L'histoire :
En 1977, attablé dans un bistrot français, entre deux gargantuesques bouchées, Orson Welles tente de vendre à deux jeunes producteurs l’idée de son prochain film. Les plans fusent, le discours est parfaitement rodé, témoin d’une expérience sans commune mesure. L’homme de cinéma déballe son enthousiasme en revenant sur sa longue et sinueuse carrière dans cette passion à sens unique. Se décline alors la biographie d’un homme à l’ego démesuré, semblant être mise en perspective par lui-même. L’histoire d’un jeune garçon biberonné par l’intelligentsia, élevé comme une bête savante, et devenu à l’âge adulte un orfèvre du septième art dont la renommée ascensionnelle fut ternie par pléthore de polémiques et de projets inachevés. L’histoire d’un homme clé du XXème siècle, véritable personnage faustien de chair et d’os, de ses débuts sur les planches de théâtre à ses succès cinématographiques, de son apogée à sa lente descente aux enfers.

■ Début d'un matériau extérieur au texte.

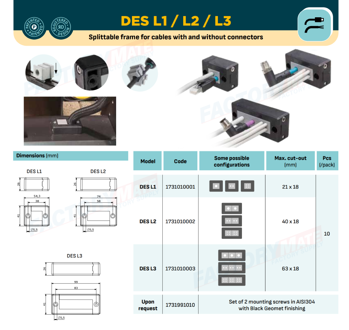 The DES L1 allows cables with connectors to pass through cabinets. Once assembled, the system guarantees the cable strain relief and high IP protection.

Ce qu'on en pense sur la planète BD :
Ce récit tout de noir vêtu s’ouvre sur les volutes de fumée d’un long cigare lové au creux d’un monologue digne du cinéaste. L’ombre des lettres géantes d’Hollywood finit par s’estomper, pour laisser apparaître l’homme dont il est question. Un chapeau noir vissé sur la tête, une barbe épaisse et l’introspection au coin des lèvres. Orson raconté par Orson, tel semble être l’exercice délicat de ce roman graphique qui s’attache à décrire l’enfer du décor. Cette mise en abîme permet au lecteur de déguster de façon détaillée l’histoire d’un des plus grands noms du cinéma américain. D’abord considéré par ses pairs comme un génie adulé, puis conspué comme un paria, victime d’un succès connu trop tôt, et gérant tant bien que mal sa dégringolade, du firmament à l’obscurité. Le chapitrage offre heureusement un apaisant repère temporel dans une vie trop riche pour tenir en moins de 300 pages. Les projets se succèdent sans se ressembler, s’enchaînent sans perdre d’élan malgré les obstacles, dépeignant l’avant-gardiste qu’il incarnait. Youssef Daoudi, auteur marocain, à la fois scénariste et illustrateur sur cet ouvrage, nous laisse à peine le temps de souffler entre deux rebondissements, s’amuse à effriter avec brio le quatrième mur comme d’autres auteurs avant lui. Le fil de l’histoire est astucieusement déroulé, éclairé de jaune comme si les projecteurs n’avaient jamais cessé d’éclairer cet homme et d’étendre son ombre.